In ancient Israel's saga of rebellion against her Creator, one incident stands out due to its brazenness. When an aged Samuel appoints his greedy and unrighteous sons as judges in his place (I Samuel 8:1-3), the elders of Israel demand that he instead install a king "to rule over [Israel] like all the other nations" (I Samuel 8:5, Amplified Bible; emphasis ours throughout). Grieved by this request, Samuel takes the matter to God, who tells him that the real issue is that the people had rejected God from being King over them (verse 7). In reality, they were demonstrating their lack of trust in God. Though not saying it in so many words, this nation whom God had perfectly redeemed from Egypt found their Sovereign to be untrustworthy.

Samuel gives the assembled people a prophetic glimpse of life under a human king (verses 10-18). Yet, even after this inspired warning, the people maintain that they want "a king over us, that we also may be like all the nations, and that our king may judge us and go out before us and fight our battles" (verses 19-20). Even though it is not the ideal, and it is not what God would have chosen for them, He gives them what they ask—a government like the nations around them had. Sometimes God's most effective judgment is to give His people what they want and let them suffer for it.

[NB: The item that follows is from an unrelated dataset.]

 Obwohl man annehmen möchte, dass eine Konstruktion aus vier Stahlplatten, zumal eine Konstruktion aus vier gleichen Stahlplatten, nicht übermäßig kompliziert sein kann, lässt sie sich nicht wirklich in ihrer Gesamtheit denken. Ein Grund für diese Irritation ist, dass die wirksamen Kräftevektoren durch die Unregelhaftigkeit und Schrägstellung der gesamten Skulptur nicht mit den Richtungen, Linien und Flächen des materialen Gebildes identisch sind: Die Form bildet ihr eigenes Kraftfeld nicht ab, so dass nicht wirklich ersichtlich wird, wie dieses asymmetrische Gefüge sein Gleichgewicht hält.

God knew that Israel would someday be influenced by surrounding nations and desire a similar form of government. Knowing His people's hardness of heart, He gives instructions regarding that scenario, such as that He would choose the king, that the king would not be foreign-born, etc. However, His true intention was for Israel to be "a kingdom of priests and a holy [set apart] nation" (Exodus 19:6). Earlier, they had been "a people dwelling alone, not reckoning itself among the nations" (Numbers 23:9). God reminds them: "I am the LORD your God, who has separated you from the peoples" (Leviticus 20:24). The Israelites' great distinction was that they were not like the other nations—and God desired that they remain that way.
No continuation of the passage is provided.